Makes 4 servings as a main dish; 8 as an appetizer
3 tablespoons tamarind paste*
3 tablespoons honey
1 tablespoon fish sauce
1/2 teaspoon chile sauce, such as sambal oelek
1/8 teaspoon salt
1/2 cup unsalted dry roasted peanuts
1 to 1 1/2 pounds top sirloin steak, sliced into 1/4-inch thick strips
Mix the tamarind paste, honey, fish sauce, chile sauce, and salt in a medium-sized bowl. Pound the peanuts in a mortar and pestle or in a heavy-duty plastic bag with a rolling pin to the texture of fine breadcrumbs and stir into the tamarind sauce. Put the beef strips in the bowl, toss to coat, and marinate for about 15 minutes at room temperature.

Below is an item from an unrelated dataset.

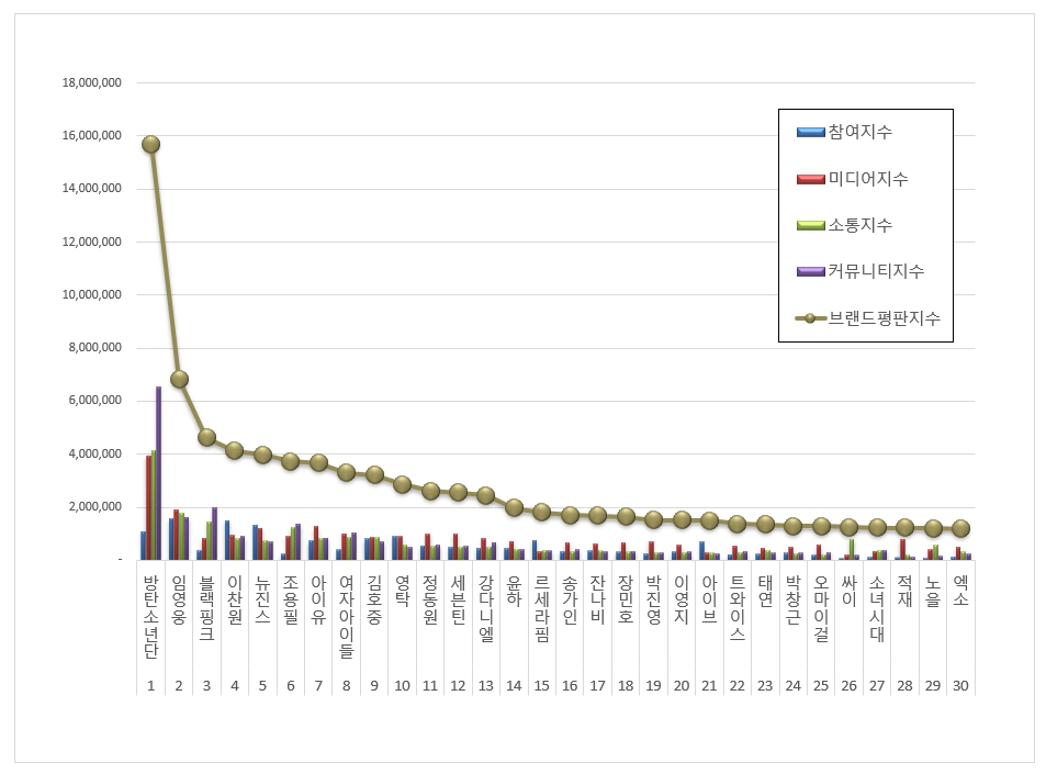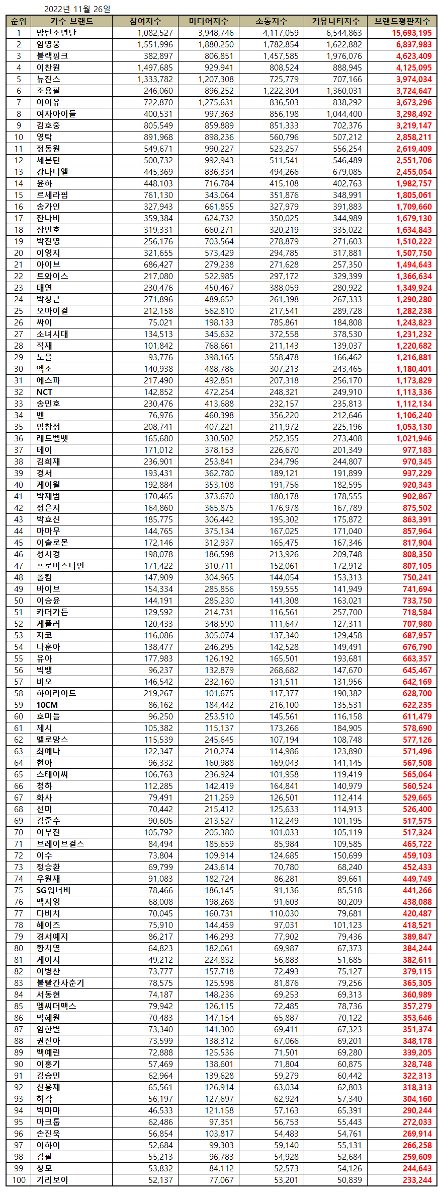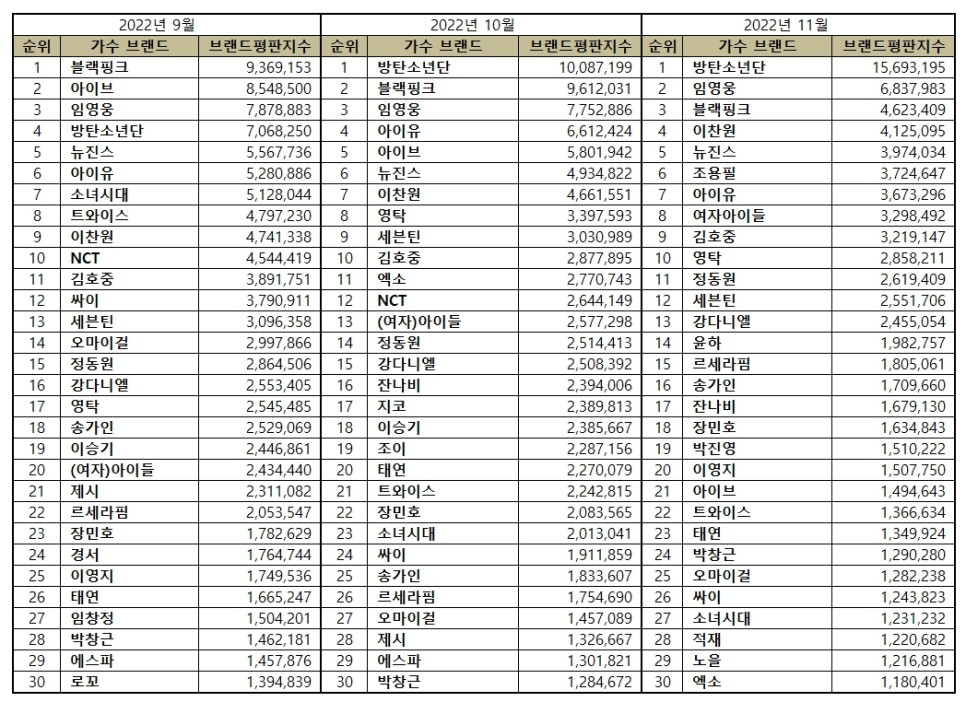 2022년 11월 가수 브랜드평판 30위 순위는 방탄소년단, 임영웅, 블랙핑크, 이찬원, 뉴진스, 조용필, 아이유, 여자아이들, 김호중, 영탁, 정동원, 세븐틴, 강다니엘, 윤하, 르세라핌, 송가인, 잔나비, 장민호, 박진영, 이영지, 아이브, 트와이스, 태연, 박창근, 오마이걸, 싸이, 소녀시대, 적재, 노을, 엑소 순으로 분석됐다.
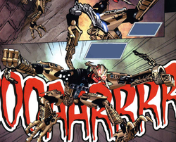 Six Vorox ont tendu une embuscade à Gresh et Berix tandis qu'ils voyageaient dans les terres sauvages, obligeant le duo à se réfugier dans les ruines d'une vieille arène. Un des Vorox a, par la suite, creusé un tunnel jusque dans l'arène et a attaqué Gresh, mais il a été effrayé par un mannequin d'entraînement. Quand le soleil s'est couché, les Vorox ont encore essayé d'attaquer l'arène, rencontrant plusieurs mannequins installés par Gresh et Berix. Les six Vorox, terrifiés par les mannequins, se sont enfuis dans les sables.

Preheat a charcoal or gas grill for high heat (425°F to 475°F), scraping the grate clean and oiling it lightly, or preheat the broiler. Thread the slices onto wooden or metal skewers, stitching the beef on and then stretching it along the skewer so that it looks like a miniature banner. Thread any short strips onto the same skewer.
Grill or broil the skewers for 1 to 2 minutes per side and serve the satay warm or at room temperature.
*Note: Tamarind is available from Asian grocery markets in several different forms. Tamarind paste is the easiest form that can be used straight from the jar. If your tamarind is labeled concentrate, use only 1 tablespoon and mix it with 2 tablespoons water. If you have a block of tamarind, chop about 1/2 cup of it, use a fork to mash it with 6 tablespoons of boiling water, and let it soften for about 5 minutes. Use a fine-meshed strainer to extract 3 tablespoons of pulp, pressing on the mixture firmly with a spoon.
Disclosure: A copy of this cookbook was sent to me for review purposes. I was not required to post about it and received no compensation for doing so.